I’m old enough to have done National Service.  At the age of 20 I was a 2/Lt in the Royal Artillery on active service in Malaya.  When we went up-country I was sometimes in charge of four 25 Pounder Field Guns and 24 men, six per gun.  We used to drive in convoy, towing the four guns, from Singapore, over the Johor-Singapore Causeway into the Malayan Peninsular. 

Our destination was a preordained map reference somewhere in the Malayan jungle south of Kuala Lumpur. Finding the right spot on the map was up to me – a scary responsibility since a missed turning meant unhitching the guns from their carriages, turning them and all the vehicles 180 degrees, and reassembling the convoy; a task that took an hour or so and, in the humid heat, did nothing for your reputation or for the morale of the men. 

Having found the correct location, usually without mishap, we’d clear a space in the jungle, set up the guns and pitch our camp.  Typically we’d stay for a week or two before moving to another map reference.  Over a crackling radio we were given a schedule for firing shells at targets five or six miles away.  The idea was to shell an area in order to disperse Communist Terrorists prior to the infantry moving in.
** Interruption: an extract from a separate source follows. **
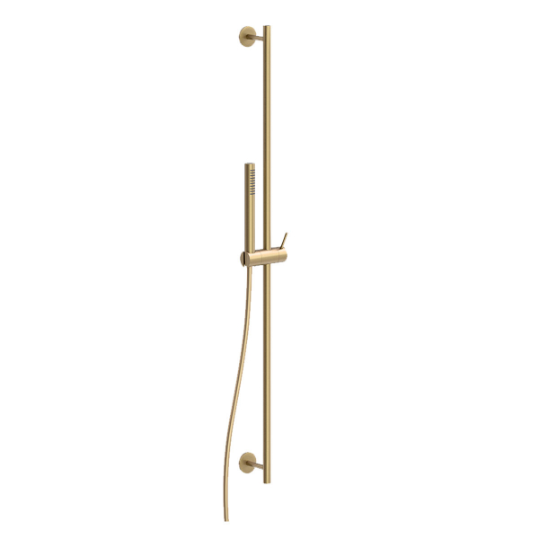 Saliscendi per doccia con asta in acciaio inox 316L DM.18 mm con doccetta inacciaio inox 316L monogetto anticalcare, flessibile in acciaio inox 1600 mm H.96 cm.

On one such escapade I was in the observation post, a small hillock a couple of miles forward of the guns. This particular hill was rather parched and unusually free of foliage making it an ideal spot for an observation post. We had been warned that a brigadier, recently arrived from the UK, would visit us accompanied by our regimental colonel.  They duly arrived in a Land Rover, the brigadier with conspicuously white knees, and walked up the hill to inspect our observation post.  After a few cursory questions which I seemed to answer satisfactorily, the colonel and the brigadier wandered down the other side of the hill chatting together.  I have no idea why – there was nothing of interest to see once you left the hill top. 

Two miles back the 25 pounders were following orders and firing salvos at the targets they had been given.  Shells therefore occasionally whistled high over the observation post on their way to the target area some two or three miles distant.

Everything was going to plan when, ominously, a shell came over on a low projectory, making a strange yawing noise instead of the usual smooth swishing sound. The shell fell hopelessly short of its destination and exploded. The brigadier immediately fell to the ground clutching his chest.  With difficulty, we carried him back to the Land Rover.

We subsequently learnt that shrapnel had punctured one of his lungs.  He had been flown back to the UK and invalided out of the army. 

National Servicemen aren’t supposed to shoot senior officers.